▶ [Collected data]
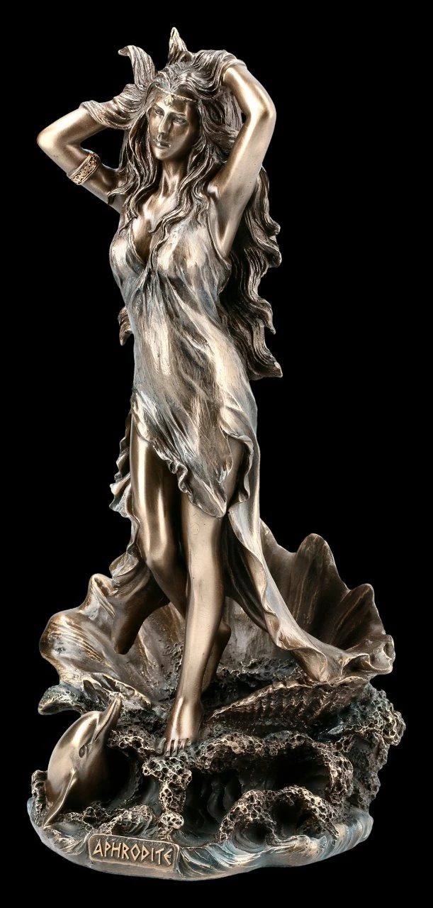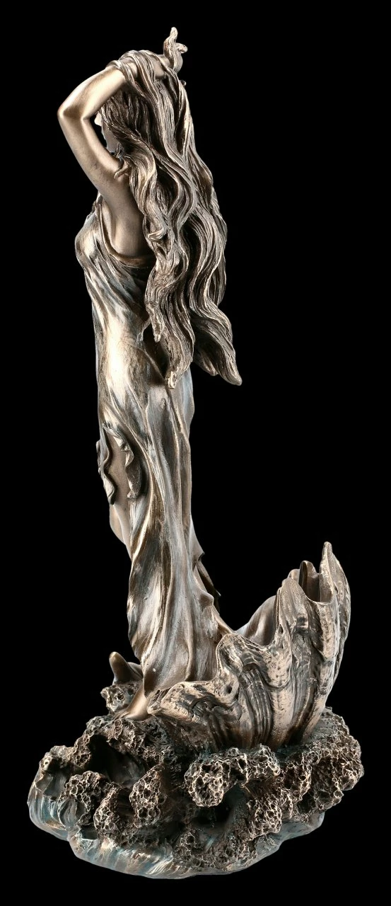 Stellen Sie sich vor – Sie sehen, wie sich am Strand eine Muschel öffnet, aus der die griechische Göttin der Liebe, der sinnlichen Begierde und der Schönheit in all ihrer Pracht entsteigt. Die griechische Göttin Aphrodite ist eine wunderbare Ergänzung zu jeder Göttersammlung. Diese dynamische Darstellung aus dem Haus Veronese gehört zur Serie The Triumphs of Humanity und wurde aus edel bronziertem und fein coloriertem Kunststein (Polyresin) geschaffen. Die herrliche, 28 cm hohe, 14 cm breite und 12 cm tiefe Figur der griechischen Göttin Aphrodite ist ein außerordentlich dekorativer Blickfang und ein wunderbares Geschenk für jeden, der die Schönheit dieser Aphrodite-Figur zu schätzen weiß.
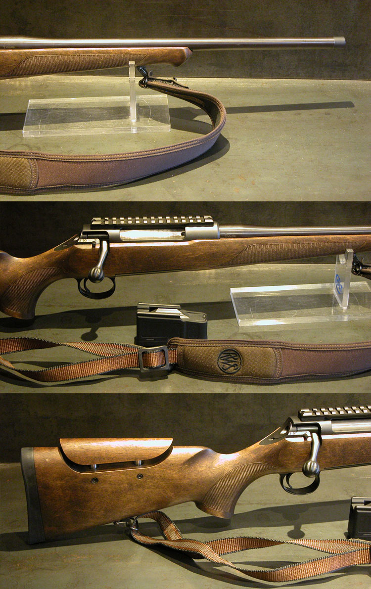 Weaver-Picantinnyschiene und einem braunem RWS Neoprene-Gewehrriemen
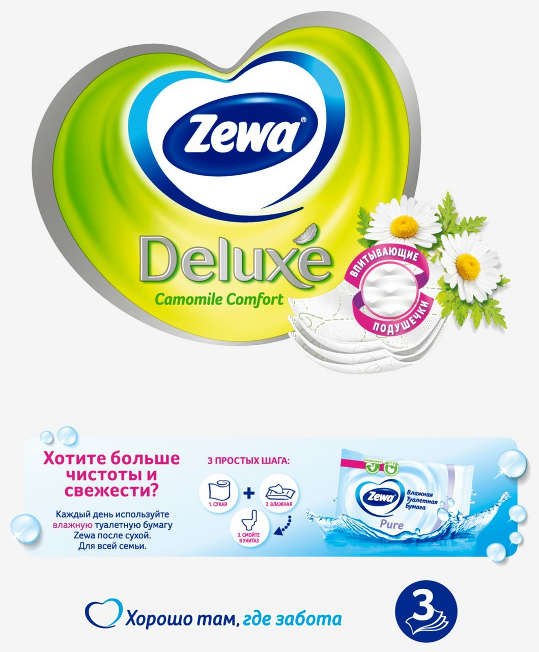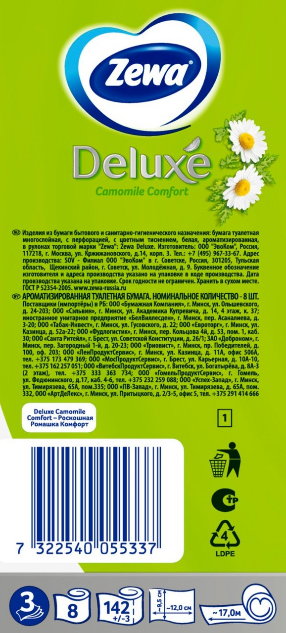 Zewa Deluxe Бумага туалетная трехслойная ромашка 8 рулонов
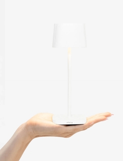 De batterijlamp Ofelia micro is een kleinere versie van de populaire draagbare tafellamp Ofelia. De kleine oplaadbare lamp is gemaakt van gegoten aluminium en kan dankzij zijn IP65-classificatie zowel binnen als buiten worden gebruikt. De batterijlamp is gemakkelijk mee te nemen en kan worden gedimd om de lichtsterkte aan te passen aan de gewenste sfeer via een touch-functie bovenop de kap. Hier kan ook de kleurtemperatuur worden gekozen: 2200K, 2700K of 3000K. Een geheugenfunctie onthoudt de instellingen wanneer de lamp weer wordt ingeschakeld.
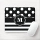 Black Stripe Dots Monogram Mouse Pad. Pad
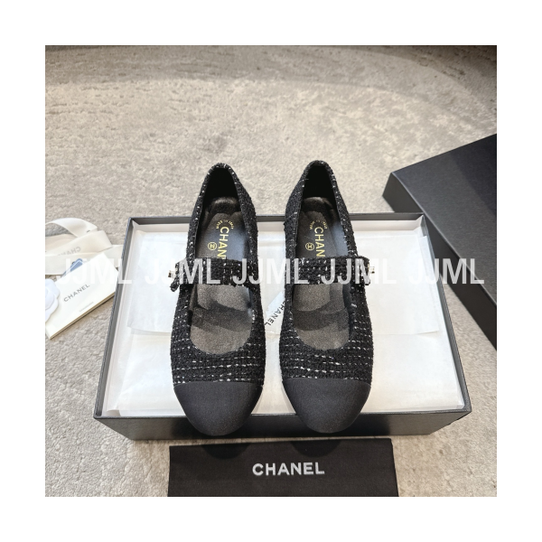 샤넬 턴락 메리제인 플랫 슈즈 블랙 트위드 > 샤넬
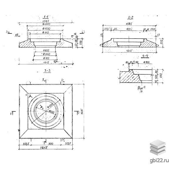Опорная плита ОП 1к – это железобетонное основание усеченно-пирамидальной формы с центральным отверстием. Нижний диаметр соответствует горловине колодца, верхний – размеру чугунного люка. Изделие служит верхней опорой для водосточных систем и монтируется совместно с кольцами по Альбому ПС-334.
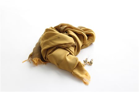 Lotto composto da una sciarpa in chiffon logato nelle nuances del senape e un paio di orecchini a clips con pendente a cuore in metallo color oro e strass
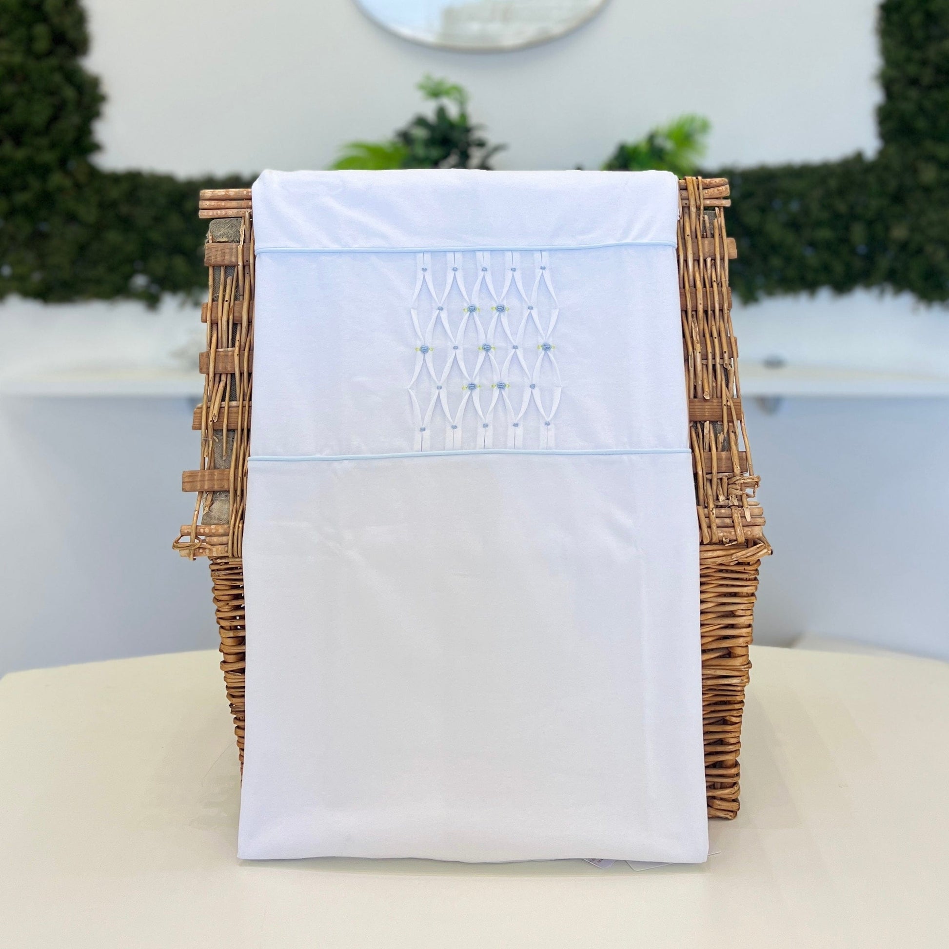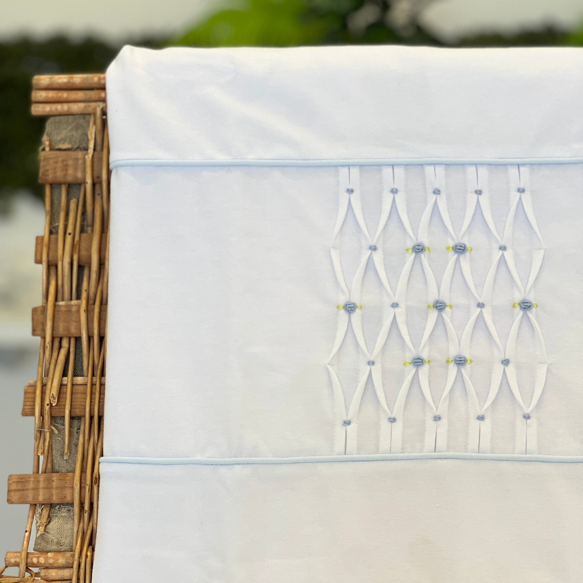 Coperta in cotone jersey con punto smock, arricchita da delicate rosette a vapore. Un accessorio morbido e raffinato, perfetto per avvolgere la tua piccola in eleganza e comfort.
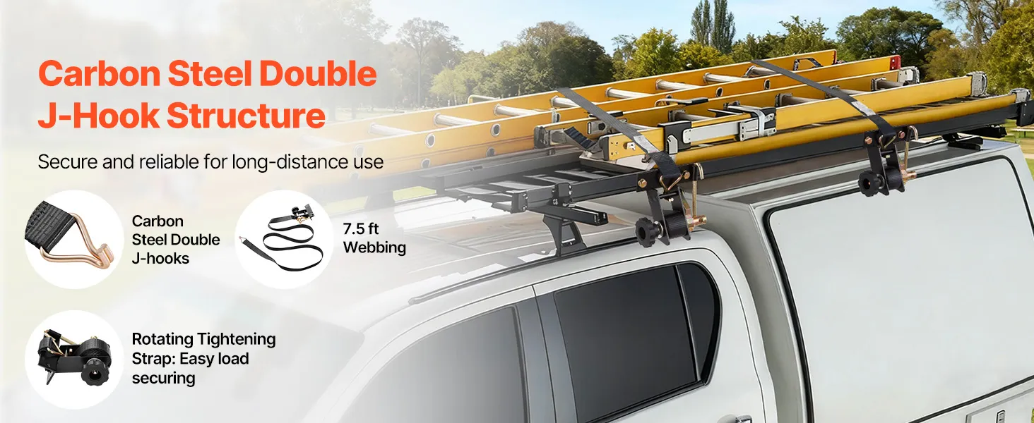 Кожен ремінець для кріплення драбини високої міцності довжиною 7,4 фута має надійну пряжку. Система допомагає запобігти розхитуванню на вибоїстих дорогах і під час руху на швидкості, надійно утримуючи вантаж на місці.

▶ [YOUR TASK] With pictures left out, repeat exactly the lines from the line bearing "De batterijlamp Ofelia" through the final line of the records above.

▶ [OUTPUT]
 De batterijlamp Ofelia micro is een kleinere versie van de populaire draagbare tafellamp Ofelia. De kleine oplaadbare lamp is gemaakt van gegoten aluminium en kan dankzij zijn IP65-classificatie zowel binnen als buiten worden gebruikt. De batterijlamp is gemakkelijk mee te nemen en kan worden gedimd om de lichtsterkte aan te passen aan de gewenste sfeer via een touch-functie bovenop de kap. Hier kan ook de kleurtemperatuur worden gekozen: 2200K, 2700K of 3000K. Een geheugenfunctie onthoudt de instellingen wanneer de lamp weer wordt ingeschakeld.
 Black Stripe Dots Monogram Mouse Pad. Pad
 샤넬 턴락 메리제인 플랫 슈즈 블랙 트위드 > 샤넬
Опорная плита ОП 1к – это железобетонное основание усеченно-пирамидальной формы с центральным отверстием. Нижний диаметр соответствует горловине колодца, верхний – размеру чугунного люка. Изделие служит верхней опорой для водосточных систем и монтируется совместно с кольцами по Альбому ПС-334.
 Lotto composto da una sciarpa in chiffon logato nelle nuances del senape e un paio di orecchini a clips con pendente a cuore in metallo color oro e strass
 Coperta in cotone jersey con punto smock, arricchita da delicate rosette a vapore. Un accessorio morbido e raffinato, perfetto per avvolgere la tua piccola in eleganza e comfort.
 Кожен ремінець для кріплення драбини високої міцності довжиною 7,4 фута має надійну пряжку. Система допомагає запобігти розхитуванню на вибоїстих дорогах і під час руху на швидкості, надійно утримуючи вантаж на місці.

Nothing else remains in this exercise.